EXERCISE DESCRIPTION
Lines to return, exactly: from the line with "Boutique Handmade Pure" to the line with "nozzles are available." in the entries below, both included.

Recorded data
______
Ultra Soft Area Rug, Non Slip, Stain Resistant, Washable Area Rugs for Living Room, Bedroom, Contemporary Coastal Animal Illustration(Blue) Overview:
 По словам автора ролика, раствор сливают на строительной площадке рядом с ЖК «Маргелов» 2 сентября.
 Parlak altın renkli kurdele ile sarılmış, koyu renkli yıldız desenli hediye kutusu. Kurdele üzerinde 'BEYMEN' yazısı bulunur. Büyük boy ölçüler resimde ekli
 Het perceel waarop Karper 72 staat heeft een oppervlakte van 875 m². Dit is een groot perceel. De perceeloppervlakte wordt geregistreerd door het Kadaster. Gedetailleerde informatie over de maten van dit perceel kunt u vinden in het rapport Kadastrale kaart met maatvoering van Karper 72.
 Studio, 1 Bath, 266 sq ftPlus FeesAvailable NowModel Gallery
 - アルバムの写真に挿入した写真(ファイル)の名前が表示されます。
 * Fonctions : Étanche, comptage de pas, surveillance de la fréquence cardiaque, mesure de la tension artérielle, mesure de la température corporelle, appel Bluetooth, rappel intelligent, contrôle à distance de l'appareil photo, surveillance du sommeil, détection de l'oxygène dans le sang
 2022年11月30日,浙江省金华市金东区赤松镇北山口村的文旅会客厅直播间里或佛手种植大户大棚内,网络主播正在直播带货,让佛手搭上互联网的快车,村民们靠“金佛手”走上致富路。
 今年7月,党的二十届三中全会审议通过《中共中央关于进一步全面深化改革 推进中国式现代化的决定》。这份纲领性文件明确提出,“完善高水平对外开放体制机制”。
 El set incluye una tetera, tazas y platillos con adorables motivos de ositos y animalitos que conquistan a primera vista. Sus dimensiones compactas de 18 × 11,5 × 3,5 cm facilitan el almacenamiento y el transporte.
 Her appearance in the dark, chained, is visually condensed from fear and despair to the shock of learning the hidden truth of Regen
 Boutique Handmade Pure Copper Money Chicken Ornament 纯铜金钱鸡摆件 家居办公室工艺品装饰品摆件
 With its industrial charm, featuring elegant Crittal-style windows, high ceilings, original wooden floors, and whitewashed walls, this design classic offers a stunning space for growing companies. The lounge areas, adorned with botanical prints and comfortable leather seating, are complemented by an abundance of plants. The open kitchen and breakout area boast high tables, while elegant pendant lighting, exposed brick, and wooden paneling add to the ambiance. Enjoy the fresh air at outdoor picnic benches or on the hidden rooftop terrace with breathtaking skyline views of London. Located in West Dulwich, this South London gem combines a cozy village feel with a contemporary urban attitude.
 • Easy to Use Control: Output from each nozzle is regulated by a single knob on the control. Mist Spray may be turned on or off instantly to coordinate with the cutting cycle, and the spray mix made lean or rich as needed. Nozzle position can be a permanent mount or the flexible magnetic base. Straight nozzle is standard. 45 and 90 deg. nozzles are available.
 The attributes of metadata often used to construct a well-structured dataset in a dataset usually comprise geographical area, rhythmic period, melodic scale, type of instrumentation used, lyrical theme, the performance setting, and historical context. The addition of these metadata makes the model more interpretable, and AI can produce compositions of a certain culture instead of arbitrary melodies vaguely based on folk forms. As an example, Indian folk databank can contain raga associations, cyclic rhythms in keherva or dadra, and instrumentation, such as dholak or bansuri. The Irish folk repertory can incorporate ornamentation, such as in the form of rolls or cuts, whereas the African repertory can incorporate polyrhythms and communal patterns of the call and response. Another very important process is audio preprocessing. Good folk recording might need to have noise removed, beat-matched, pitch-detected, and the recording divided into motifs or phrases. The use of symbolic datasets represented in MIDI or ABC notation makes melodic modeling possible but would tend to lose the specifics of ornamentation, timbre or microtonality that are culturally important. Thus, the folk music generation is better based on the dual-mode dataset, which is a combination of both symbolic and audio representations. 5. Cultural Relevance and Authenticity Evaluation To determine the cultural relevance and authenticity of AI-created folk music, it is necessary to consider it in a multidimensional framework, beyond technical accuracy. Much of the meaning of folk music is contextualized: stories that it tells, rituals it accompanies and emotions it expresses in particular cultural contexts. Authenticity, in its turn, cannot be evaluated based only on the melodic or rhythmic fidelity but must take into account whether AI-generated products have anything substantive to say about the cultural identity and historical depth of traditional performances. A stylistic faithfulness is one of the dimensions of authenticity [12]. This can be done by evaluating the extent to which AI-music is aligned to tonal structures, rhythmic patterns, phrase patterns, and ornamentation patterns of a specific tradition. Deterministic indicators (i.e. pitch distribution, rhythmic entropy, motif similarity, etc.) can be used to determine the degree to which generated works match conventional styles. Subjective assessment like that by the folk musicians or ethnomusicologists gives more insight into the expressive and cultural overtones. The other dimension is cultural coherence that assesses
______
TASK OUTPUT
 Boutique Handmade Pure Copper Money Chicken Ornament 纯铜金钱鸡摆件 家居办公室工艺品装饰品摆件
 With its industrial charm, featuring elegant Crittal-style windows, high ceilings, original wooden floors, and whitewashed walls, this design classic offers a stunning space for growing companies. The lounge areas, adorned with botanical prints and comfortable leather seating, are complemented by an abundance of plants. The open kitchen and breakout area boast high tables, while elegant pendant lighting, exposed brick, and wooden paneling add to the ambiance. Enjoy the fresh air at outdoor picnic benches or on the hidden rooftop terrace with breathtaking skyline views of London. Located in West Dulwich, this South London gem combines a cozy village feel with a contemporary urban attitude.
 • Easy to Use Control: Output from each nozzle is regulated by a single knob on the control. Mist Spray may be turned on or off instantly to coordinate with the cutting cycle, and the spray mix made lean or rich as needed. Nozzle position can be a permanent mount or the flexible magnetic base. Straight nozzle is standard. 45 and 90 deg. nozzles are available.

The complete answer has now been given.